### EXERCISE DIRECTIONS:
The reply should repeat all of the data word for word, with no pictures.

### DATA SECTION:
# # # # #

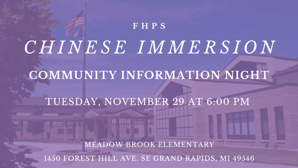 Forest Hills Public Schools would like to extend a special invitation to all preschool directors & teachers to learn about the district’s K-12 Mandarin Chinese Immersion Program during our Community Chinese Information Night on November 29that 6 pm.
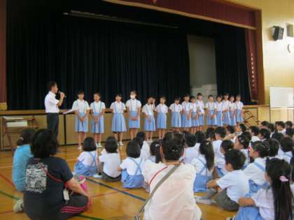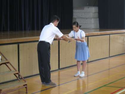 また、1学期がんばったミニバスケットボール女子チーム「大領ファイヤーズ」の表彰と「社会を明るくする運動」の標語が入賞した6年生女子の表彰が行われました。
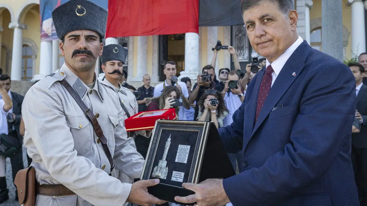Konak Atatürk Meydanı’na gelen süvari birlikleri, kentin kurtuluşunu simgeleyen tarihi sahneyi bir kez daha canlandırdı. İzmirlilerin alkışları arasında bir asker Türk Bayrağı’nı Hükümet Konağı’nın gönderine çekti. İzmir Büyükşehir Belediye Başkanı Dr. Cemil Tugay Yüzbaşı Şerafettin’i temsil eden Süvari Birlikleri Komutanı’na teşekkür plaketi sundu.

# # # # #

### ANSWER BELOW:
 Forest Hills Public Schools would like to extend a special invitation to all preschool directors & teachers to learn about the district’s K-12 Mandarin Chinese Immersion Program during our Community Chinese Information Night on November 29that 6 pm.
 また、1学期がんばったミニバスケットボール女子チーム「大領ファイヤーズ」の表彰と「社会を明るくする運動」の標語が入賞した6年生女子の表彰が行われました。
Konak Atatürk Meydanı’na gelen süvari birlikleri, kentin kurtuluşunu simgeleyen tarihi sahneyi bir kez daha canlandırdı. İzmirlilerin alkışları arasında bir asker Türk Bayrağı’nı Hükümet Konağı’nın gönderine çekti. İzmir Büyükşehir Belediye Başkanı Dr. Cemil Tugay Yüzbaşı Şerafettin’i temsil eden Süvari Birlikleri Komutanı’na teşekkür plaketi sundu.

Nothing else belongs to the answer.